Specifically, the goal here is to create a linked structure that has some number of nodes, between 5 and 2 million. Don't worry that this number is large or that values may wrap around past the max size of integer. If you have created your linked structure correctly, a modern computer can breeze through this code very quickly. Notice that the comments describe exactly how this main should work. Here are the highlights:

具体来说，这里的目标是创建一个链接结构，该结构具有一定数量的节点，介于 5 到 200 万之间。不要担心这个数字很大或者值可能会超过整数的最大大小。如果您正确创建了链接结构，现代计算机可以非常快速地浏览此代码。请注意，注释准确地描述了这个 main 应该如何工作。以下是重点：

Create three loops The first loop creates the linked structure, hooking together the “next” fields of each node and giving each node an integer value between 0 and the randomly chosen size. The second loop adds up all of the nodes and counts them. Counting the nodes in this case should be used only as check to make sure you are not missing one. The third loop traverses all nodes again, this time deleting them.

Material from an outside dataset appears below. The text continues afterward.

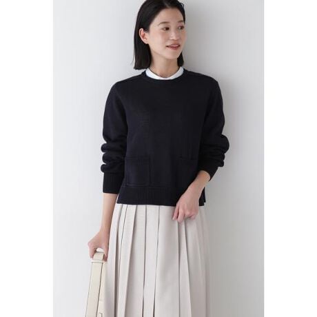 コンパクトなサイズ感にボリュームスリーブがポイントのクルーネックニットです。ポケット使いでカジュアル感をプラス。エポーレットスリーブで切り替えを入れてアクセントにしました。

创建三个循环 第一个循环创建链接结构，将每个节点的“下一个”字段连接在一起，并为每个节点提供一个介于 0 和随机选择的大小之间的整数值。第二个循环将所有节点相加并计算它们。在这种情况下计算节点应该仅用作检查以确保您没有遗漏一个。第三个循环再次遍历所有节点，这次删除它们。

Node.h

节点.h

class Node {
public:
    Node();
    Node(const Node& orig);
    virtual ~Node();
    bool hasNext();
    Node* getNext();
    void setNext(Node* newNext);
    int getValue();
    void setValue(int val);
private:
    Node* next;
    int value;
};

#endif

Node.cpp

节点.cpp

include "Node.h"
include <iostream>

Node::Node() {
    next = NULL;
}

Node::Node(const Node& orig) {
    next = orig.next;
    value = orig.value;
}

Node::~Node() {

}

bool Node::hasNext(){
    if (next != NULL)
        return true;
    else
        return false;
}

Node* Node::getNext(){
    return next;
}

void Node::setNext(Node* newNext){
    if(newNext == NULL)
        next = NULL;
    else
        next = newNext->next;
}

int Node::getValue(){
    return value;
}

void Node::setValue(int val){
    value = val;
}

main.cpp

主程序

include <cstdlib>
include <iostream>
include "Node.h"
include <time.h>

using namespace std;

int main(int argc, char** argv) {
    //This is the node that starts it all
    Node *tail;
    Node* head = new Node();

    //select a random number between 5 and 2,000,000
    srand(time(NULL));
    int size = (rand() % 2000000) + 5;
    int total = 0;
    int counter = 0;
    //print out the size of the list that will be created/destroyed
    cout << "The total size is: " << size << endl;

    head->setValue(0);
    tail = head;
    Node *newNode = new Node;
    for (int i = 1; i < size; i++){  
        Node *newNode = new Node;
        newNode->setValue(i);
        newNode->setNext(NULL);
        tail->setNext(newNode);
        tail = newNode;
    }

    //Create a list that counts from 0 to 2,000,000
    //Link all of the nodes together
    //A for loop is easiest here
    cout << head->getNext()->getValue();

    Node* current = head;
    while (current != NULL){ 
        counter += current->getValue();
        cout << current->getValue();
        current = current->getNext();
        total++;
    }

    //Traverse the list you created and add up all of the values
    //Use a while loop

    //output the number of nodes. In addition, print out the sum
    //of all of the values of the nodes.
    cout << "Tracked " << total << " nodes, with a total count of " << counter << endl;

    //Now loop through your linked structure a third time and
    //delete all of the nodes
    //Again, I require you use a while loop

    cout << "Deleted " << total << " nodes. We're done!" << endl;
    return 0;
}

It is printing out the total size then... I am getting a Seg fault:11. I am also missing some parts in the main, I am confused on how to write these as well.

它正在打印总大小然后...我收到一个 Seg 错误：11。我还缺少主要的一些部分，我也对如何编写这些部分感到困惑。